It is well established that "deliberate indifference to serious medical needs of prisoners constitutes 'unnecessary and wanton infliction of pain.'" Estelle, 429 U.S. at 104; McGuckin v. Smith, 974 F.2d 1050, 1059 (9th Cir. 1991), overruled on other grounds by WMX Techs., Inc. v. Miller, 104 F.3d 1133 (9th Cir. 1997) (en banc). In general, deliberate indifference may be shown when prison officials deny, delay, or intentionally interfere with medical treatment, or may be shown by the way in which prison officials provide medical care. Hutchinson v. United States, 838 F.2d 390, 393-94 (9th Cir. 1988). Before it can be said that a prisoner's civil rights have been abridged with regard to medical care, however, "the indifference to his medical needs must be substantial. Mere 'indifference,' 'negligence,' or 'medical malpractice' will not support this cause of action." Broughton v. Cutter Laboratories, 622 F.2d 458, 460 (9th Cir. 1980) (citing Estelle, 429 U.S. at 105-06).

III. Qualified Immunity

Government officials enjoy qualified immunity from civil damages unless their conduct violates clearly established statutory or constitutional rights. Jeffers v. Gomez, 267 F.3d 895, 910 (9th Cir. 2001). When a court is presented with a qualified immunity defense, the central questions for the court are: (1) whether the facts alleged, taken in the light most favorable to the plaintiff, demonstrate that the defendant's conduct violated a statutory or constitutional right; and (2) whether the right at issue was "clearly established." Saucier v. Katz, 533 U.S. 194, 201 (2001).

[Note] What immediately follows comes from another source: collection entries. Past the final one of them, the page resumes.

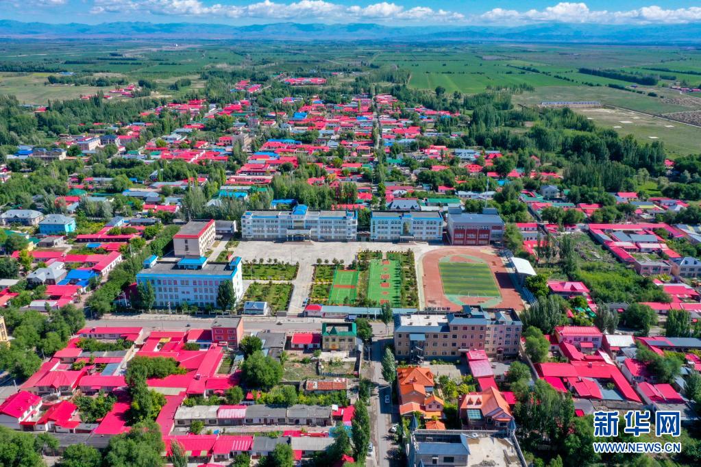 這是杜寶柱任教的新疆塔城地區塔城市第二小學(6月12日攝,無人機照片)。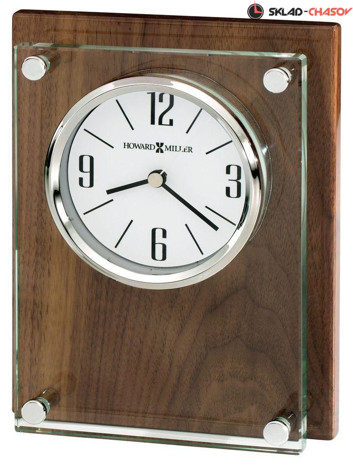 Ультрамодные настольные часы с высокоглянцевой, отделанной шпоном грецкого ореха панелью, под толстым стеклом.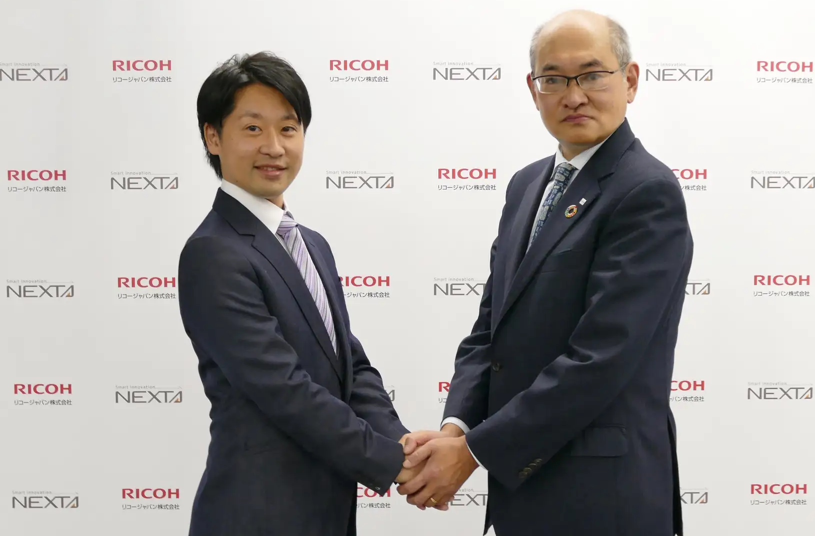 記者会見(左:ネクスタ 代表取締役 永原、リコージャパン 常務執行役員 宮本様)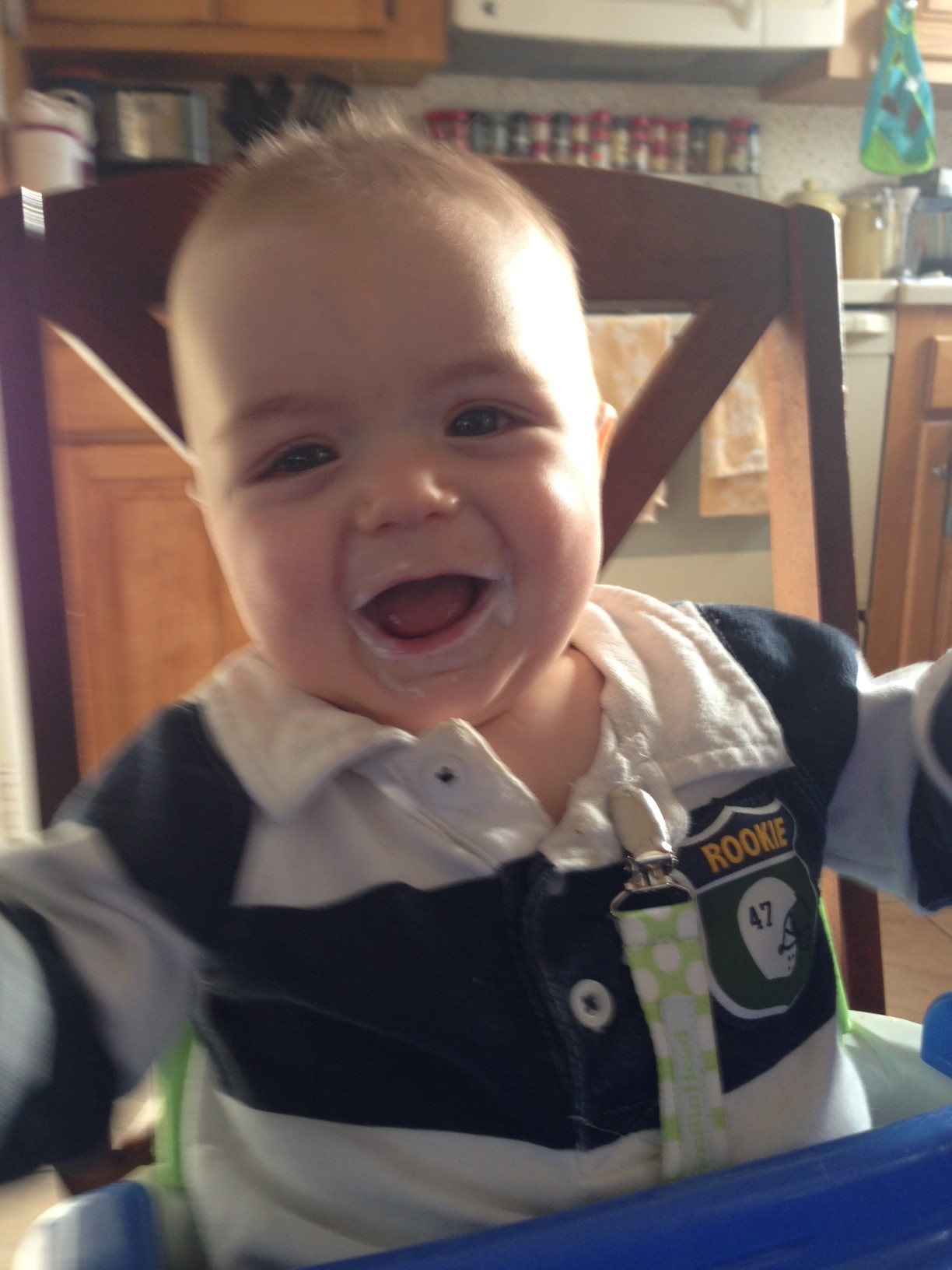 Here is how excited he gets when he eats Yobaby though so it's hard for me to not want to see this happy yogurt smile!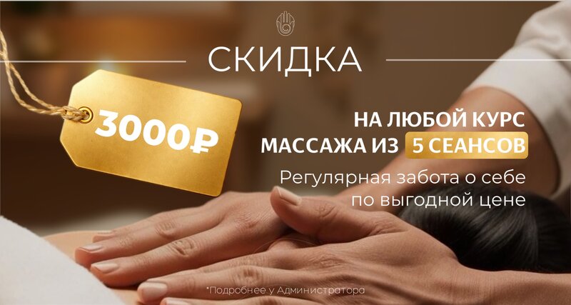 Начните день с заботы о себе. Получите скидку 500 ₽ на первое посещение массажа в Сочи с 10:00 до 12:00. Отличный повод познакомиться с мастером и зарядиться энергией. Подробнее у Администратора.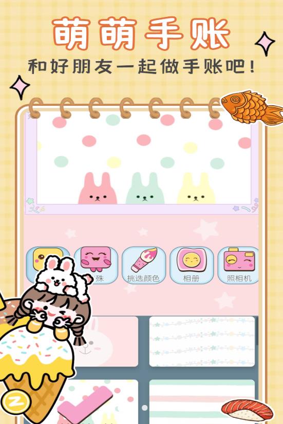 1、玩家可以根据自己的想法去制作一个创作,打造独一无二的手账出来;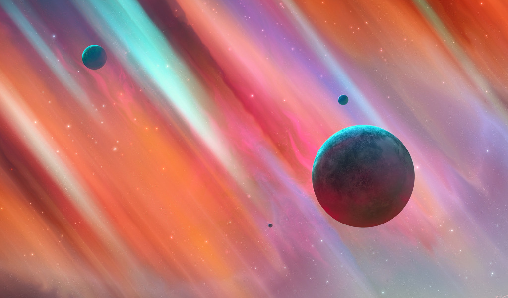 космос, звезды, туманность, фантастика, цвет, планета, спутник, арт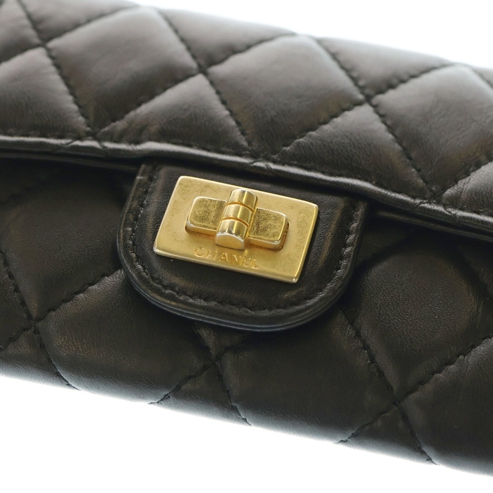 CHANEL シャネル 2.55 マトラッセ スモールウォレット カードケース ブラック ラムスキン ゴールド金具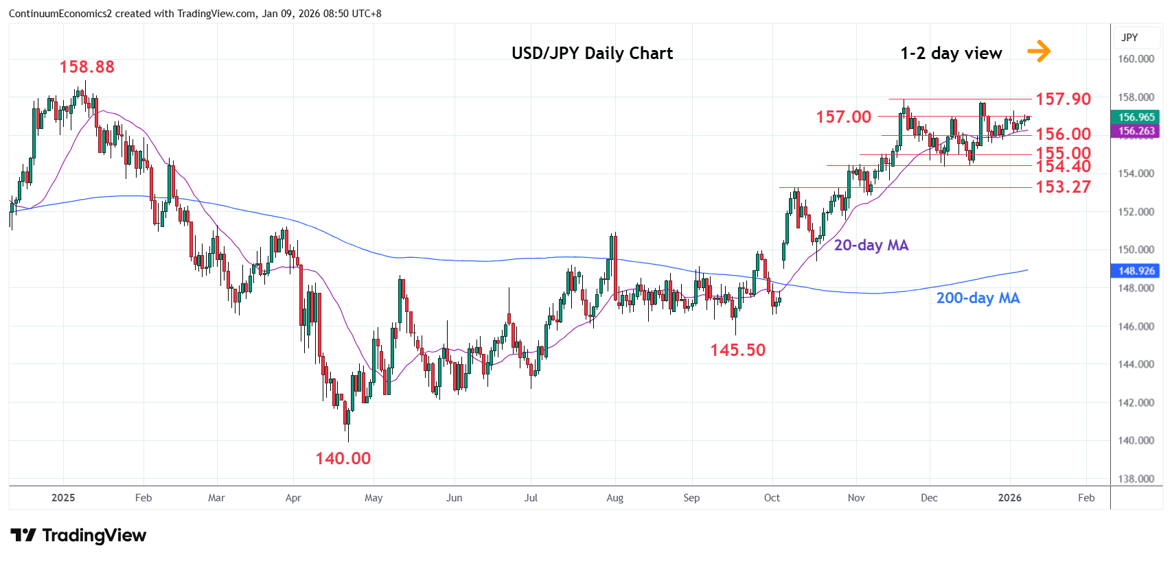00:50 GMT - Edging higher in consolidation within the Monday's range to pressure resistance at the 157.00/30 area. Break here cannot be ruled out but gains are expected to give way to selling pressure on retest of the 157.78/157.90, December/November highs. Clearance, but not expected, will extend the April gains and turn focus to the 158.88, January 2025 year high. Meanwhile, support at the 156.00 congestion now underpin. Would take break here to fade the upside pressure and open up room for pullback to retest of support at 155.00 congestion then the 154.40/35, December lows.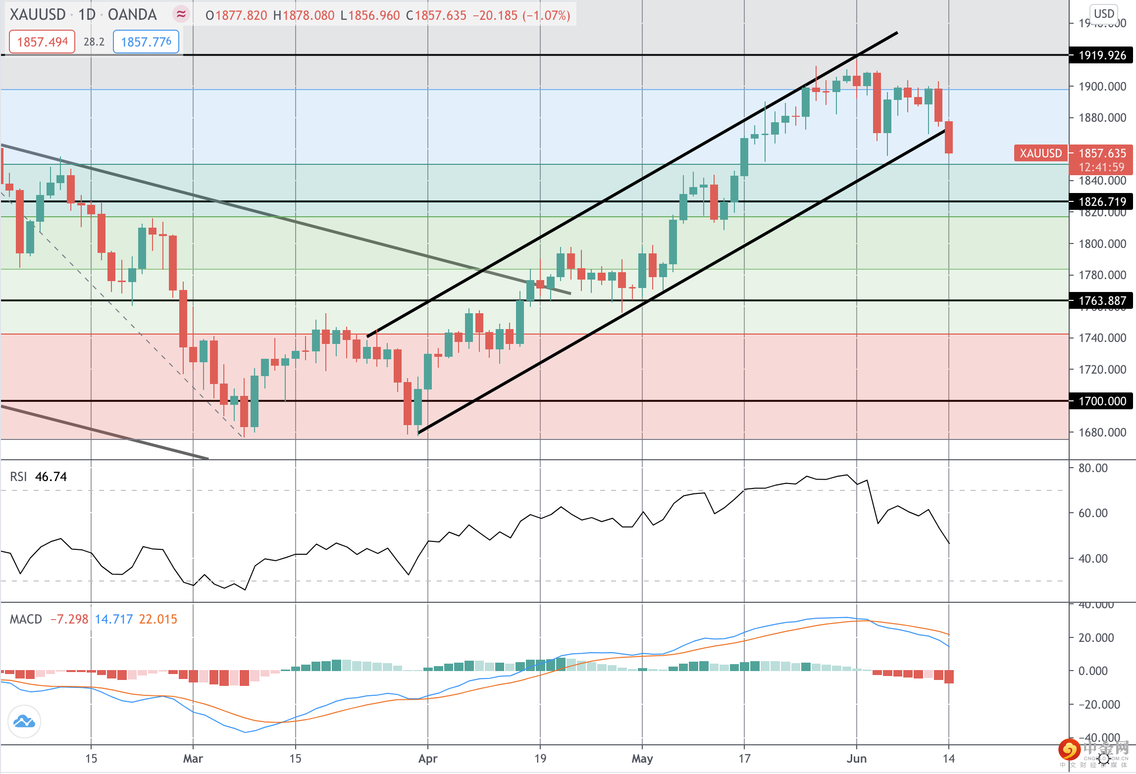 黄金价格的集会被限制在渠道顶部,1919.92级和78.6%的回撤。价格现在在低于频道低下,将焦点转到1826.71支持下一步。在这里的价格下滑,1763.88级是接下来的观看。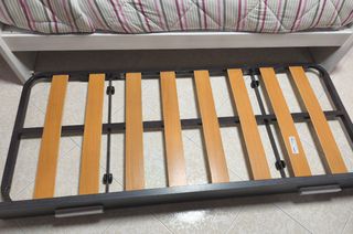 Cama nido compuesta por, escritorio, dos camas; La principal y debajo tiene otra que la puedes dejar a ras del suelo o a la misma altura que la otra. 90*2m y escritorio con cajonera(3 cajones y ruedas)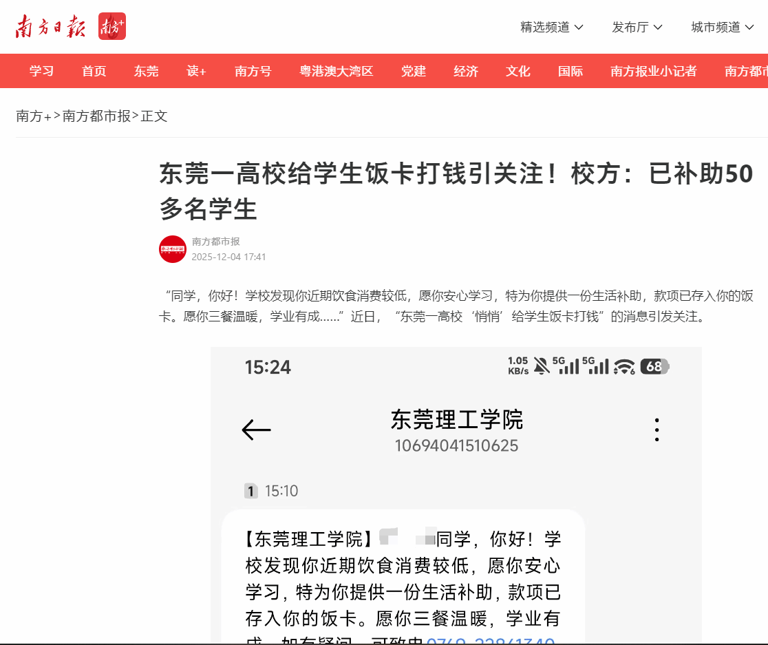 “同学,你好!学校发现你近期饮食消费较低,愿你安心学习,特为你提供一份生活补助,款项已存入你的饭卡。愿你三餐温暖,学业有成……”近日,“东莞一高校‘悄悄’给学生饭卡打钱”的消息引发关注。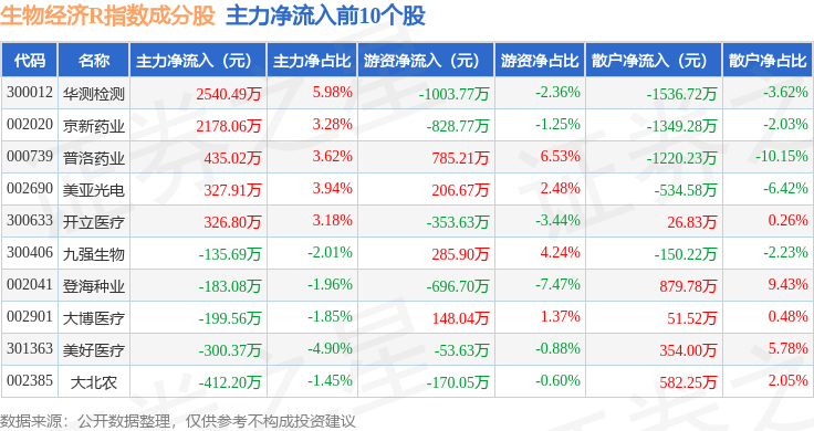 资金流向方面,生物经济R(470038)指数成份股当日主力资金净流出合计18.96亿元,游资资金净流入合计3.6亿元,散户资金净流入合计15.36亿元。成份股资金流向详情见下表: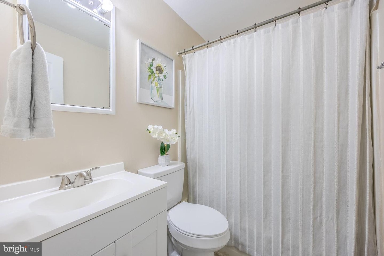 show me a renovated bathroom with a new dark vanity with sconces and a mirror and white subway tile around the tub and gray 12x24 tiles on the floor

The United States Supreme Court has held that "while the sequence set forth there is often appropriate, it should no longer be regarded as mandatory." Pearson v. Callahan, 555 U.S. 223, 236 (2009). In this regard, if a court decides that plaintiff's allegations do not make out a statutory or constitutional violation, "there is no necessity for further inquiries concerning qualified immunity." Saucier, 533 U.S. at 201. Likewise, if a court determines that the right at issue was not clearly established at the time of the defendant's alleged misconduct, the court may end further inquiries concerning qualified immunity at that point without determining whether the allegations in fact make out a statutory or constitutional violation. Pearson, 555 U.S. 236-242.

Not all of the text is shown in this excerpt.